Meal: Dinner at Alle Testiere (Sept. 5, 2009)

  • What we ordered:
    (1) mixed seafood appetizer from the Adriatic Sea (with lobster, cuttlefish, shrimp, octopus, spider crab, anchovy, baby calamari, and a toasted baguette topped with a mixture of cod, milk, vegetable oil and garlic) – €18
    (2) Sea bream fillets with fine herbs and citrus sauce – €25
    (3) Prawns with coriander, ginger, and lime sauce (it was also served with polenta, which was a pleasant surprise!) – €25
    (4) bottle of chardonnay – €24

    Alle Testiere, Venice, Italy

  • Price: $$$$ – the bill came to €95 for one shared appetizer, two entrees (€25 each), a bottle of wine, and a bottle of water. 
  • Overall thoughts: absolutely fantastic.  This is the type of restaurant I wish we were always able to find.  We were extremely lucky – we were looking for a different place and stumbled upon Alle Testiere around 10:00pm.  Unfortunately, they had a limited menu, but they agreed to sit us at the one free table.  We later found out that they have two seatings for dinner and we were about 45 minutes late for the second one. Even with the limited menu (no pasta), the meal exceeded our expectations.  The appetizer started a continuing trend of ordering mixed appetizers featuring specials from the area (it also began my love for cuttlefish).  A great find, and a restaurant I will track down again the next time I’m in Venice.

Meal: Breakfast at Al Doge Beato Hotel (Sept. 6, 2009)

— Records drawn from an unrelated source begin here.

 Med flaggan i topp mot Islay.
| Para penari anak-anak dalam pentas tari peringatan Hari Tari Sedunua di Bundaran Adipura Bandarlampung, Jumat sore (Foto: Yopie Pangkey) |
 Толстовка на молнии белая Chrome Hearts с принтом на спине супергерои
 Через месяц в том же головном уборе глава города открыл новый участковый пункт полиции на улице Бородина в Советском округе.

  • Included: croissants, rolls, butter, jam, nutella, juice, and tea
  • Overall thoughts: it was great to have the breakfast included in the hotel.  We missed it our first morning because we were out and about so early.  It was much better than paying €5+ for a smaller croissant and a bottle of juice! 

Breakfast in Venice

 Meal: Lunch at Hostaria Galileo (Sept. 6, 2009)

What we ordered:
(1) half liter of house white wine – €8
(2) tagliatelle with shrimp and zucchini – about €12
(3) fried calamari – about €12

Hostaria Galieo, Venice, Italy

  • Price: $$ – a bit expensive for small portions, but it wasn’t bad.
  • Overall thoughts: the food was delicious and the are was tucked away from the main tourist route.  

Meal: Dinner at Hotel Principe (Sept. 6, 2009) – the engagement dinner!

  • What we ordered:
    (1) bottle of Prosecco
    (2) sliced raw fish seasoned with oil and Sicilian citrus fruits
    (3) pappardelle du funghi porcini (pappardelle with porcini mushrooms)
    (4) riccioli di grano duro con asparagi di bassano capesante nostrane (homemade pasta with scallops and asparagus) 
    (5) tortino caldo al cioccolato con crema alla vaniglia (warm chocolate cake with vanilla ice cream)

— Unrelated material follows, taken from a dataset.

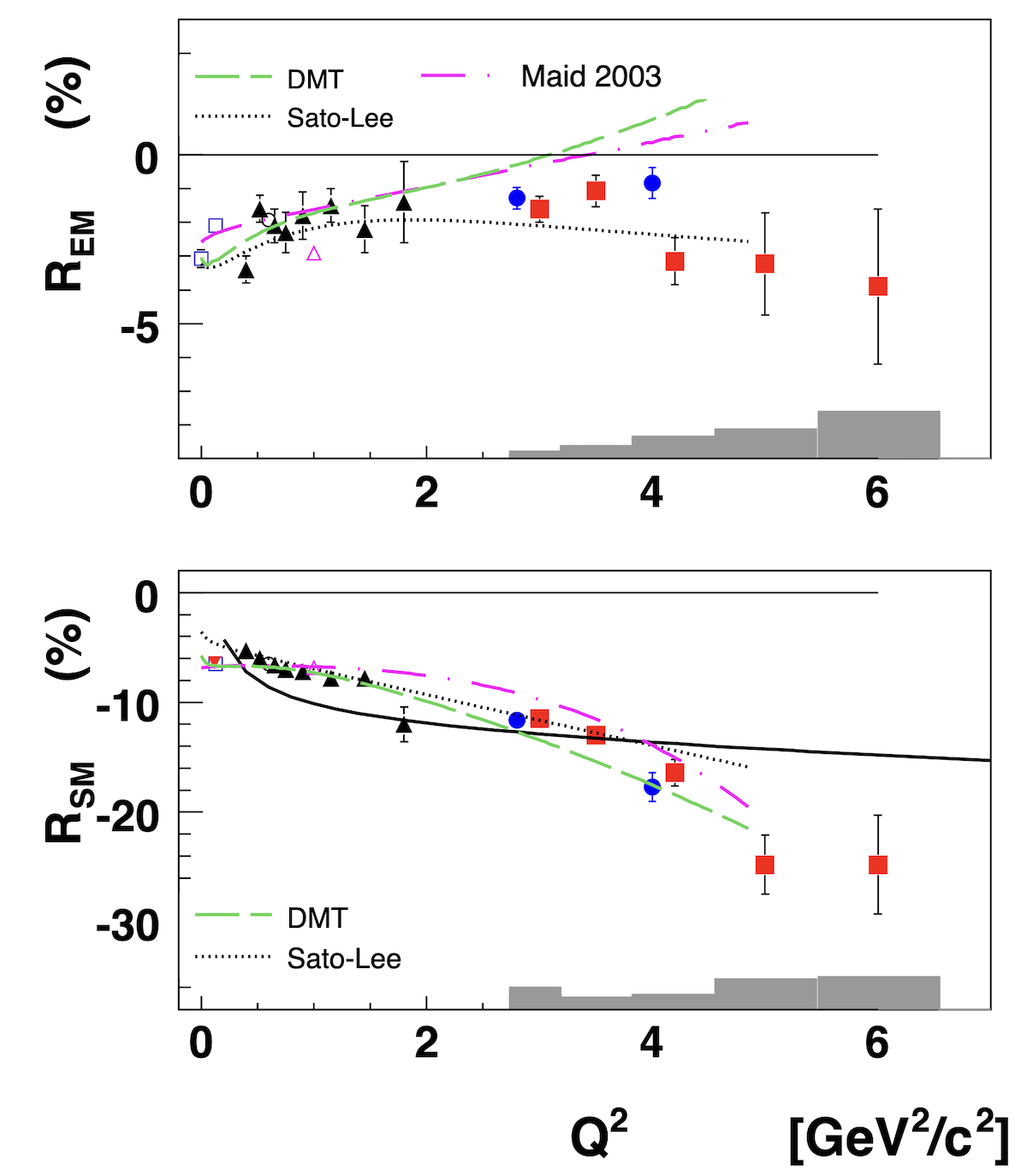 The ratios REM (upper panel) and RSM (lower panel). The filled red squares are from the current CLAS experiment utilizing the UIM. The errors shown are statistical, while estimated systematic errors are shown as gray bars at the bottom of the graph. Also shown are selected earlier published results. The filled triangles correspond to a recent analysis of previous CLAS data and the filled circles are from an earlier ]Lab Hall C experiment.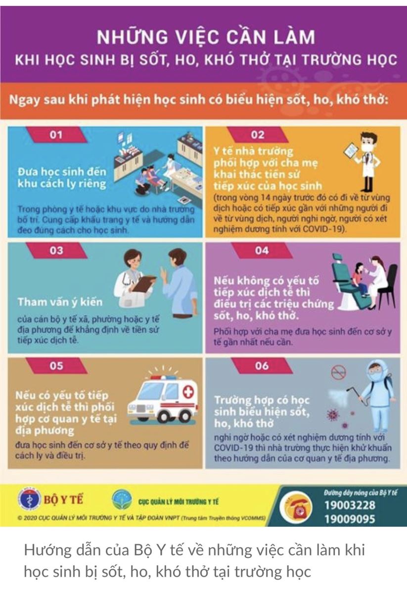 * Những việc cần làm khi học sinh bị sốt, ho, khó thở tại trường học:

Hotel Principe, Venice, Italy

  • Price: $$-$$$: I didn’t write down pricing information, but made some guesses in my notes (maybe around €15 for the appetizer and each entree).  
  • Overall thoughts: Another great view, if you aren’t trying to stay away from restaurants on the Grand Canal.  I think the raw fish appetizer was salmon, and it was fresh and tart (from the citrus).  It satisfied my “sushi craving” during the Italy portion of our trip!  The homemade pastas surpassed my expectations and the unusual combinations (scallops and asparagus!) played with our tastebuds.  It was a great way to celebrate our engagement!

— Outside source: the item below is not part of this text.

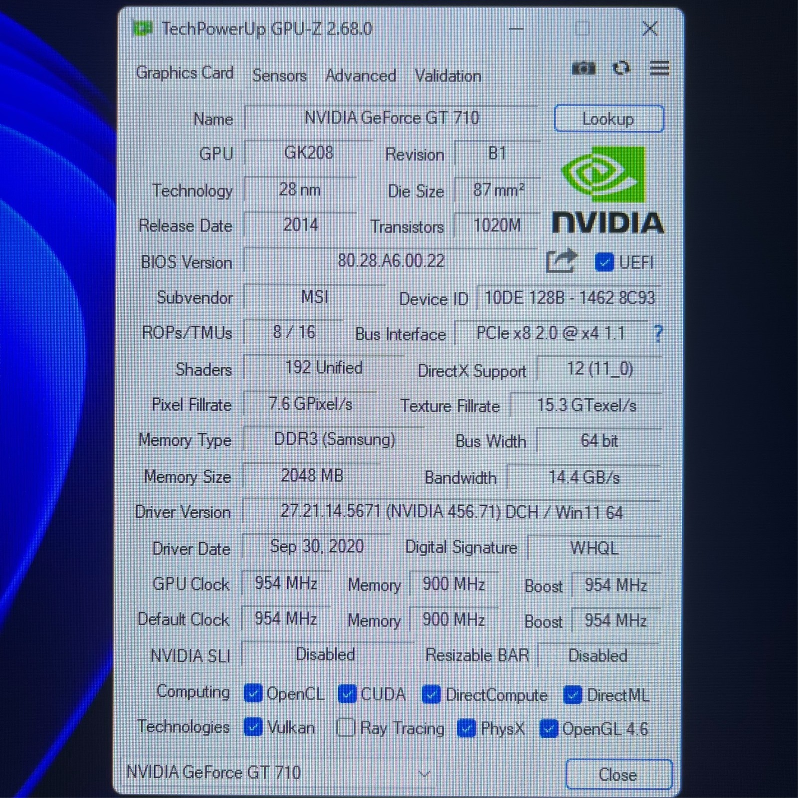 Chipset/GPU Model: NVIDIA GeForce GT 710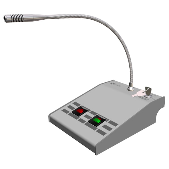 Пульт представляет собой настольное устройство, на панели которого расположены микрофон на гибком держателе типа «гусиная шея», ключ доступа «БЛОКИРОВКА ВКЛ/ВЫКЛ», кнопка «СИРЕНА» и кнопка «МИКРОФОН» со встроенными индикаторами.

Our next trip to Venice will feature similar foods (fresh seafood being the main objective), but more attention will be paid to choosing the restaurants.  I wish I had a better memory of my thoughts on the food, but luckily my journal provided some insight and brought me back to Venice for a few moments.  My stomach cannot wait to get back to Venice to experience some of the best seafood and pastas that it has ever tasted!